Jeong Eun-kyeong, Direktur Pusat Pengendalian dan Pencegahan Penyakit Korea (KCDC), menyatakan seseorang yang sembuh kemungkinannya sangat kecil untuk kembali terjangkit dari pihak lain. Beliau menduga ada virus tertinggal dalam jumlah yang sangat kecil di dalam tubuh dan akhirnya aktif kembali.

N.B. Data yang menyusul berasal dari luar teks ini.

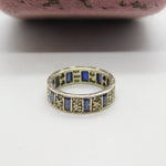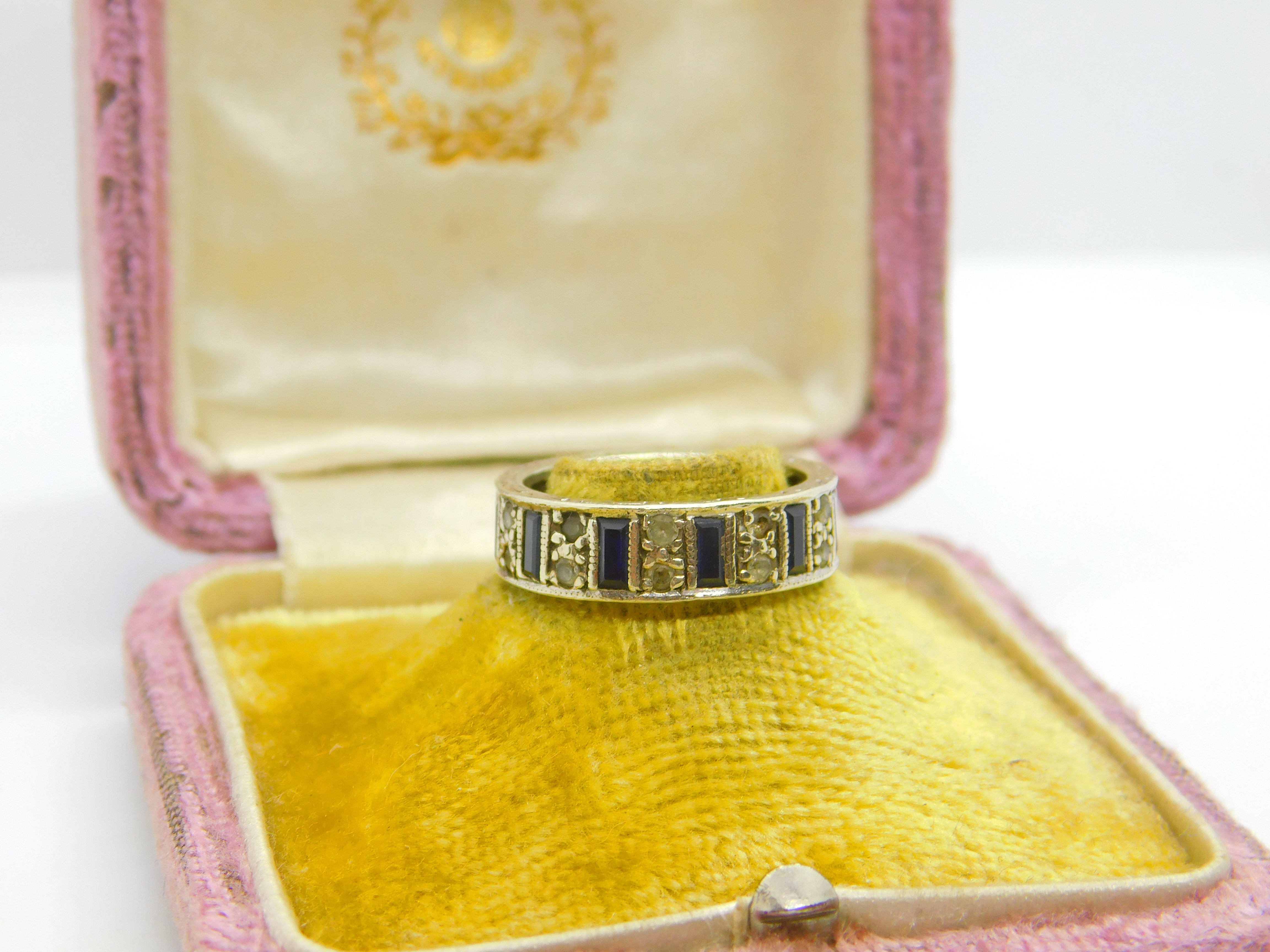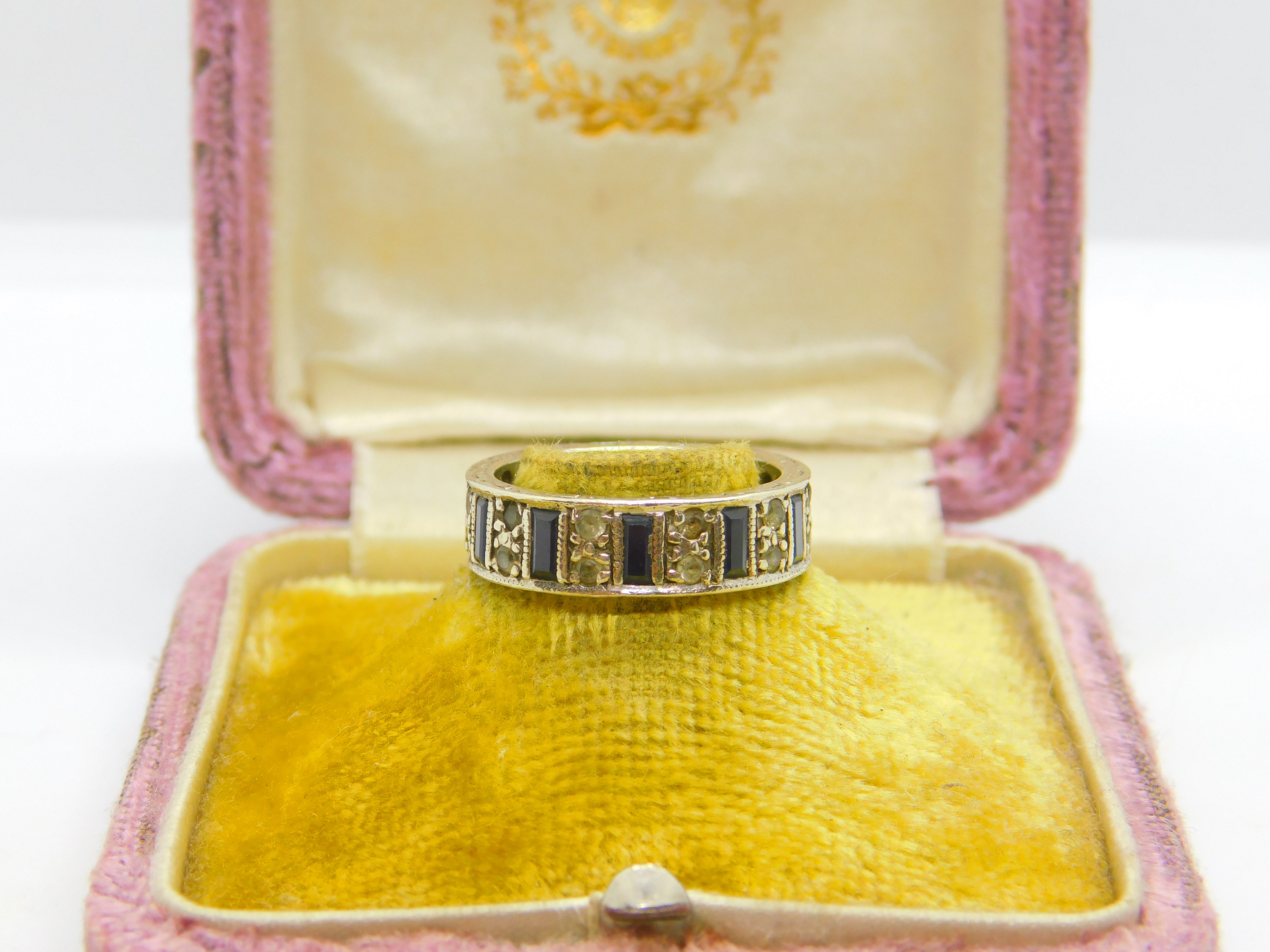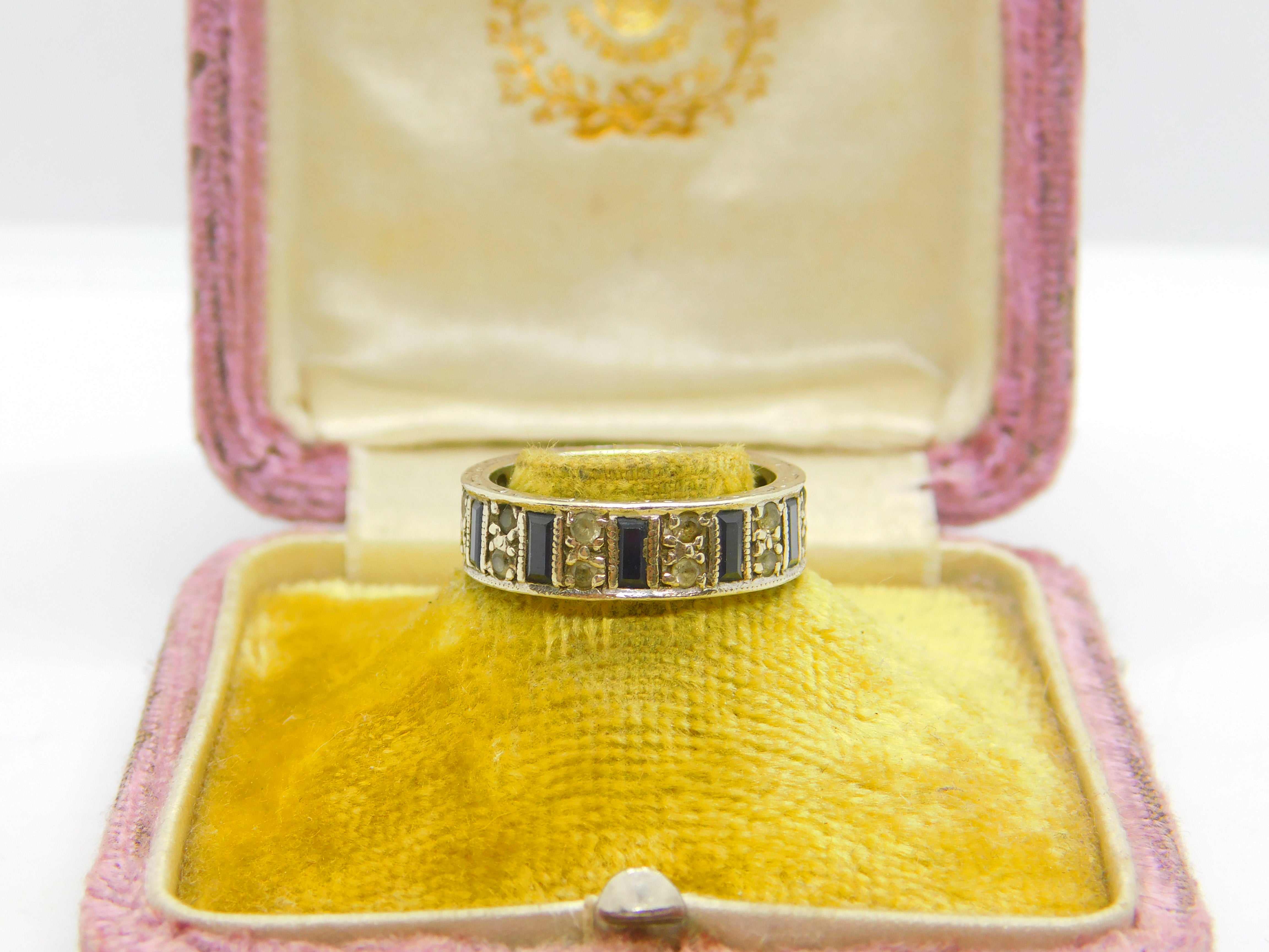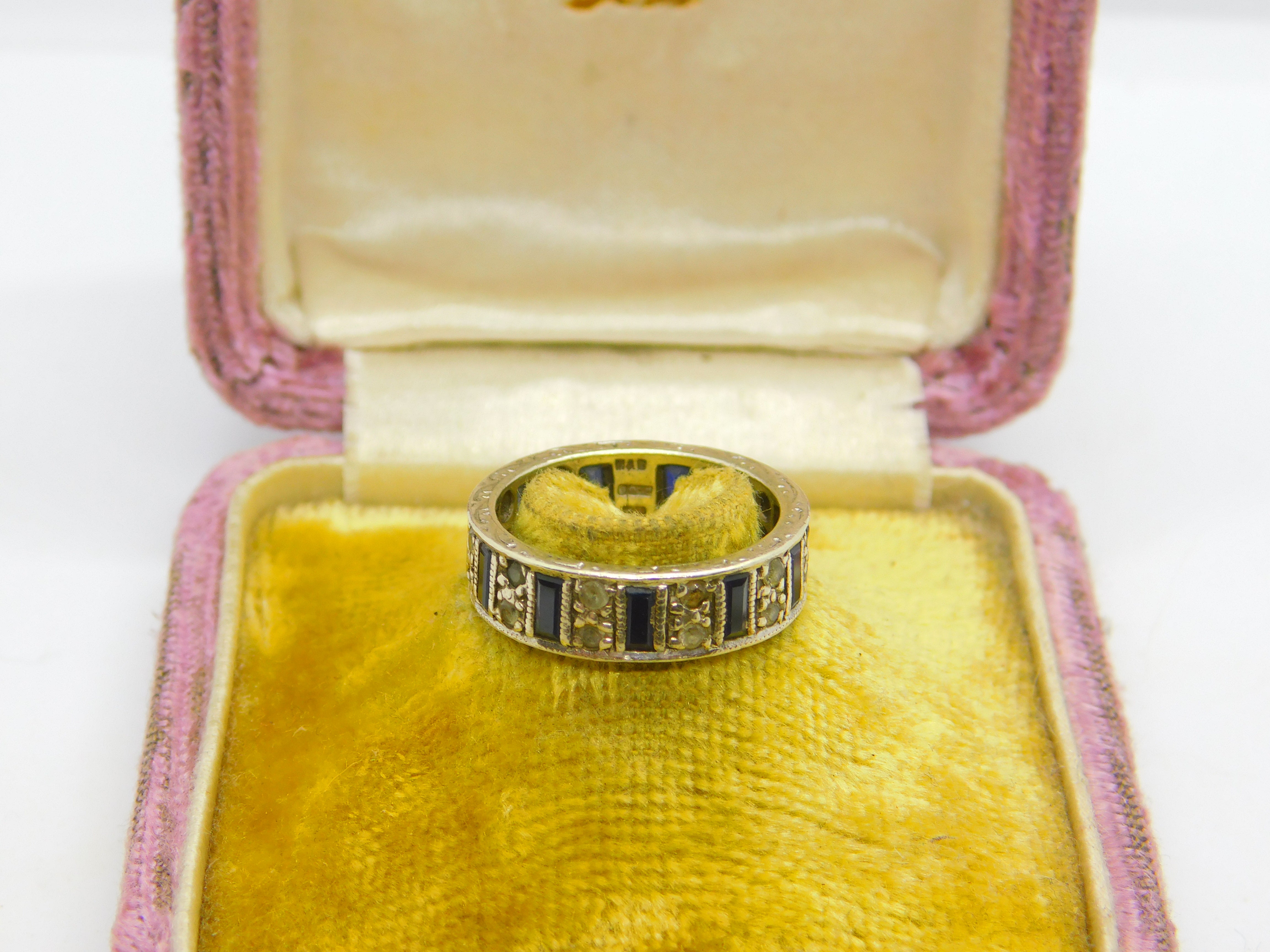 9ct White Gold, Sapphire & Spinel Full Eternity Ring Vintage 1974 Birmingham
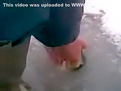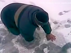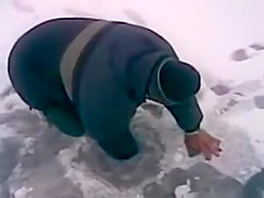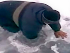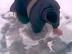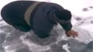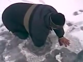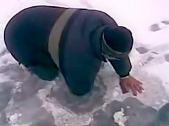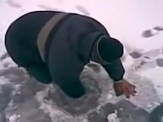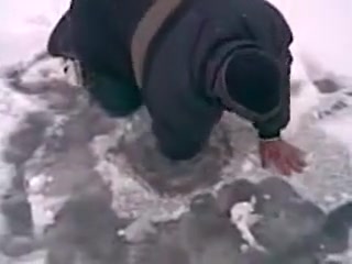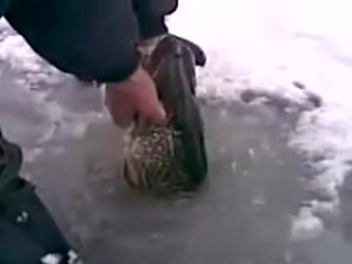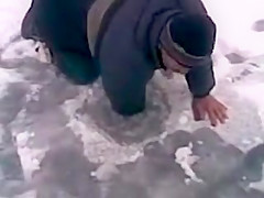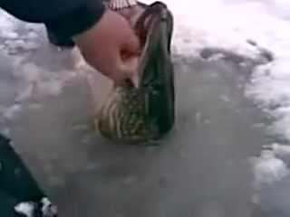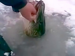 Dude reaches in the 4 inch ice fishing hole and pulls out a huge northern pike with his bare hands.
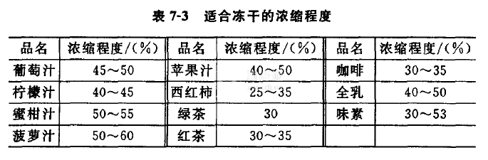 60%再凍干。濃縮可采用真空低溫濃縮。某些汁液的濃縮程度如表7-3所示。
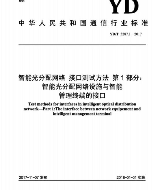 YD/T 3287.1-2017.Test methods for interfaces in intelligent optical distribution network-Part 1:The interface between network equipement and intelligent management terminal.
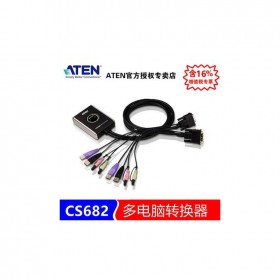 ATEN 宏正CS682 2端口USB單通道DVI帶線式KVM支持2.1音效1.2米

Sementara itu, Profesor Epidemiologi Penyakit Menular dari Universitas Perth, Australia, Archie Clements mengatakan bahwa adanya kasus positif kembali di Korea Selatan mungkin saja disebabkan oleh tes diagnosa yang tidak sempurna atau biasa disebut dengan False positive. Kasus positif palsu memang sangat lumrah terjadi pada wilayah dengan populasi yang besar. Clements juga mengatakan bahwa kemungkinan virus itu aktif kembali lebih besar ketimbang pasien terinfeksi ulang. “Saya pikir sangat kecil kemungkinan orang-orang ini terinfeksi kembali oleh orang lain,” ujar Clements, yang dikutip dari salah satu portal berita Al Jazeera.

Pasien di Korsel dianggap bersih setelah mereka menjalani dua kali pemeriksaan Tes RT-PCR dalam periode 48 jam dan keduanya dinyatakan negatif. di Korea Selatan secara umum Tes RT-PCR dianggap akurat dengan akurasi 95 persen. Itu artinya masih ada sekitar 5 persen kemungkinan terjadi kasus fale positive.

Dengan demikian, seseorang yang telah dinyatakan negatif sebanyak dua kali, dapat kambuh atau kembali terjangkit virus corona karena sisa-sisa virus masih tertinggal di dalam tubuh dengan jumlah yang amat kecil dan sulit untuk terdeteksi sehingga lolos pada saat melakukan tes. Setelah itu, di kemudian hari, virus yang tertinggal tersebut dapat kembali aktif dan menyebabkan hasil yang kembali positif.

Masyarakat dihimbau untuk tidak panik karena belum ditemukan satu pun kasus di mana pasien yang kambuh dapat kembali menyebarkan virus ke pihak ketiga, seperti yang dikatakan oleh profesor di Chung-Ang University, Seol Dai-wu.

Meskipun demikian, tetap jaga kewaspadaan dan tetap terapkan pola hidup sehat, rajin cuci tangan dan gunakan masker saat bepergian. Jika memang telah dinyatakan negatif, ada baiknya untuk tetap melakukan karantina mandiri di rumah demi mencegah hal-hal yang tidak diinginkan.